A campsite in Zimbabwe whilst on safari - lying frozen still in a tent whilst the what turned out to be the security guard with a loaded gun entered the tent and rummaged around trying to find things to steal, my BF at the time had gone to the loo and he saw his opportunity. He didn't find anything before realising I was there (trying to be inconspicuous) and leaving. Others weren't so lucky and a couple of girls had their full backpacks nicked.

Mine pale in comparison to some of yours though - I'm so sorry for those of you who have lost loved ones Flowers

CuppaTeaAndAJammieDodger · 17/09/2016 08:44

Oh yes, same safari - white water rafting on the Zambezi (terrifying in itself) but we were told we could get in the water and "ride" one of the calmer rapids, so I and one other did - and it was great fun until we went round a bend in the river to find crocodiles in the water!

SpinningTotem · 17/09/2016 11:09

Being strangled by my father in front of a mirror so I could see exactly how purple my face was going. Was about 13 and felt strangely lucid/calm, felt my head fill with a buzzing numbness and my arms went limp and dropped away as if life was literally draining out of me. I thought I would die and was surprised that it wasn't as bad as I thought it would be.

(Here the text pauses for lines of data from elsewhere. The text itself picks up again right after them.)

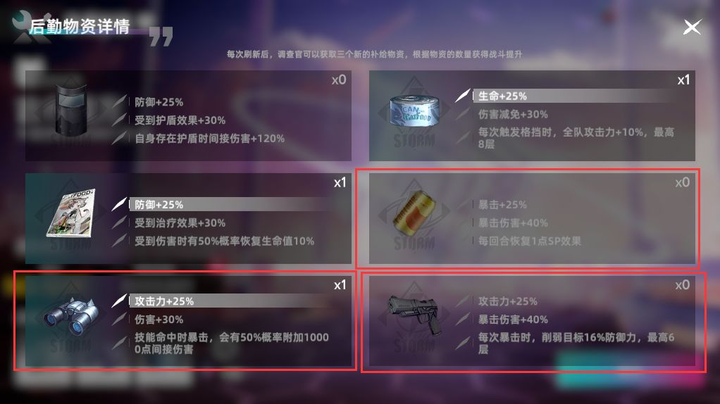 战斗前抽的后勤补给能提高你伤害的上限与下限,推荐各位尽量刷出全输出补给(俗称的三枪、三饮料),打过一次之后就领取足够多的放大器给你重新刷补给。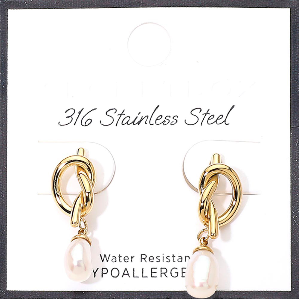 SECRET BOX_Stainless Steel Knot Pearl Drop Earrings
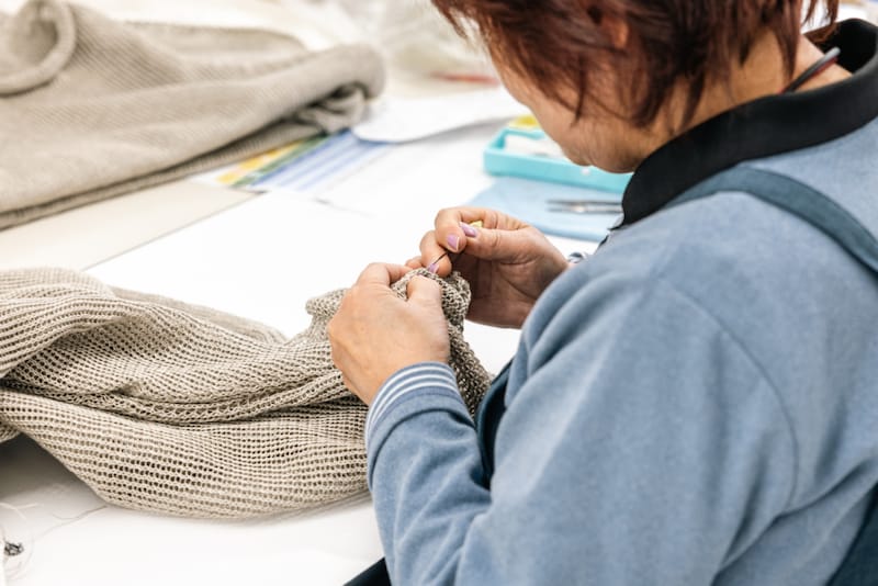自動横編機が並ぶエリアの隣には、縫製・仕上げの作業エリアが広がります。ここでは、糸の始末、洗浄、アイロンがけ、タグ付け、袋詰めなどが行なわれていました。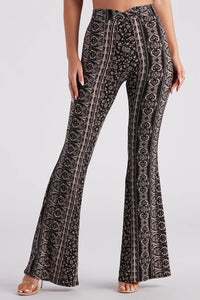 Own your boho status! These paisley print pants feature an on-trend cross-high waistband, a hip-hugging fit, and a flared hem. Complete the look in a sleek corset top for a festival!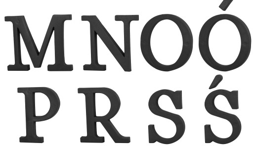 W kolorze czarnym i brązowym dostępny jest cały alfabet wraz z ogonkami (z wyjątkiem Litery X oraz Q)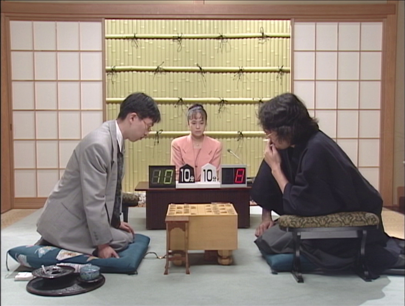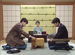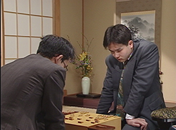 本戦Aブロック 最終戦 羽生善治名人 vs 田中寅彦八段 対局日:1994年7月12日 対局当時:羽生23歳、田中37歳タイトルホルダーでありながら、銀河戦ではまだ優勝のない羽生。本局は、序盤の戦術に長け「序盤のエジソン」という異名をもつ田中との対局。相矢倉の将棋は、羽生の疑問手から田中優勢に。第3期はブロック最終戦で消えることとなる。 |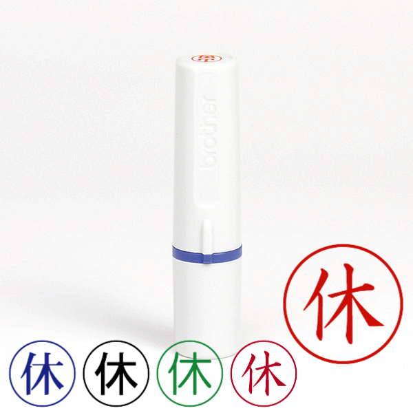 記帳用ビジネススタンプ【休】(ブラザー記帳印・簿記印・ネーム6[brother・name6]・インク内蔵・印面直径約6mm)・書体/枠有無/インク色の選択可能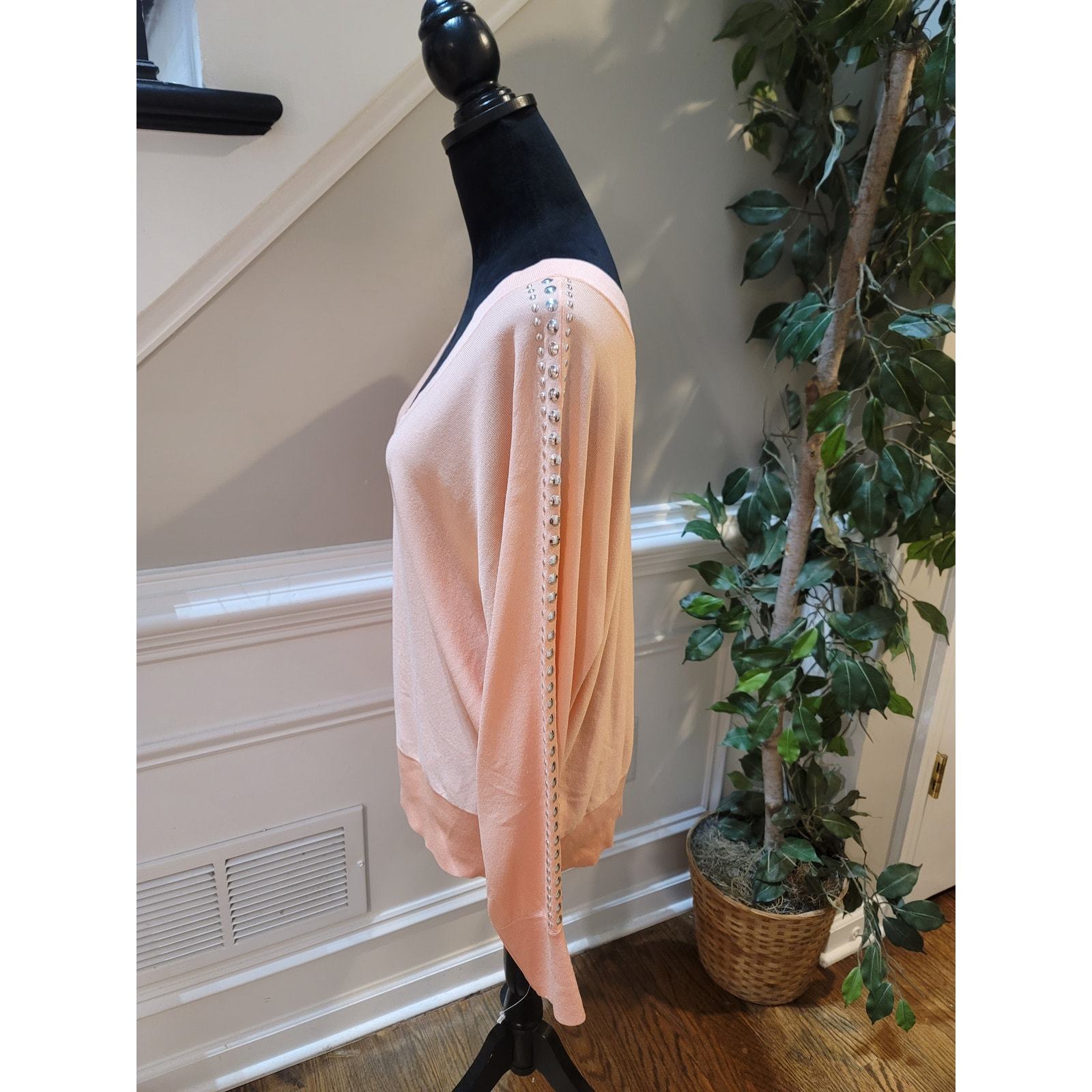 - INC International Concepts Sweater Women's XL Peach V Neck Studded Sleeves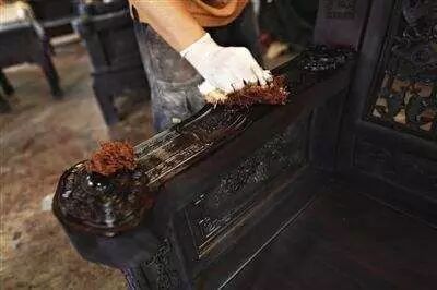 红木家具作为高档、贵重的木质家具,它比一般的普遍木质家具对涂料有较高的要求,涂饰工艺也较为复杂,其通常使用生漆工艺来处理家具表面。红木家具擦漆的过程中,一层层将生漆打磨揩进木制品表面的毛孔内与木坯混为一体,不但保护功能更胜一筹,且可防腐蚀、耐酸碱、耐高温、防火,而且随着使用年代久远会越来越光滑。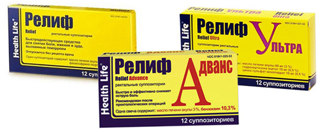 - Суппозитории, состоящие из масла акульей печени. К таким свечам можно отнести Релиф, позволяющий избавиться от наружного геморроя. Благодаря своему составу, препараты нормализуют кровотечение в венах, а также устраняют воспалительный процесс.
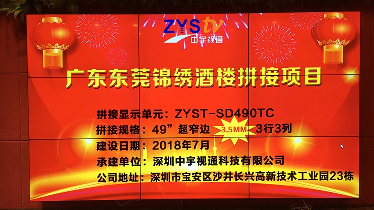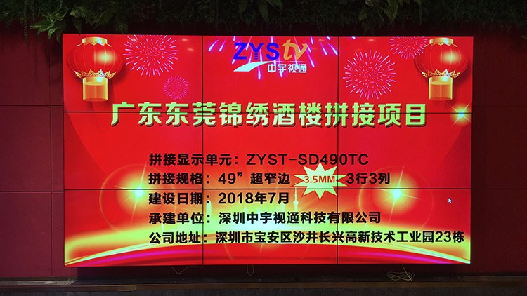 廣東東莞市錦繡酒樓選用深圳中宇視通科技49寸3.5拼縫拼接屏項目安裝調(diào)試完成且順利通過驗收。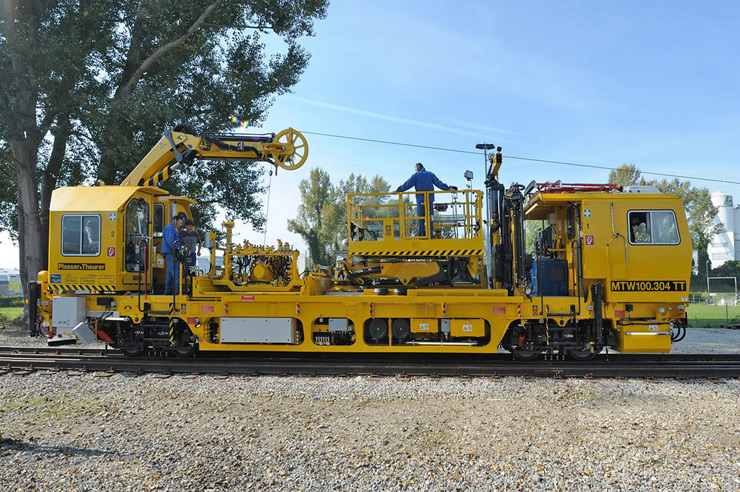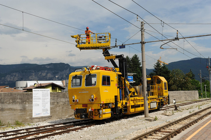 Dresina pesada de inspección y montaje con plataforma elevadora de columnas de tres particiones y grúa con cabina

Watching my sister die suddenly in front of me (brain bleed).

Waking up in the night to comfort DS(1) who had croup and had started crying and then struggling to breathe. I'll never forget hearing the horrible squeaking, sucking sound of air with his frightened eyes staring at me. Felt completely helpless. Oxygen, steroids, and a short hospital stay sorted him out, and I'm forever grateful for the NHS and how quickly they responded that night.

OhTheRoses · 17/09/2016 11:42

Why on earth was your father strangling you?

Ilikegin · 17/09/2016 11:43

Seeing my brother lying in a massive pool of blood from his head after he had fallen on his face during a seizure and waiting for the ambulance to arrive which felt like forever. The blood was almost black and coagulated like paint when we cleaned it up.

Also when he passed away during a seizure, getting that phone call from my mum and driving to their house to be with them was the longest most terrifying 10 minutes of my life.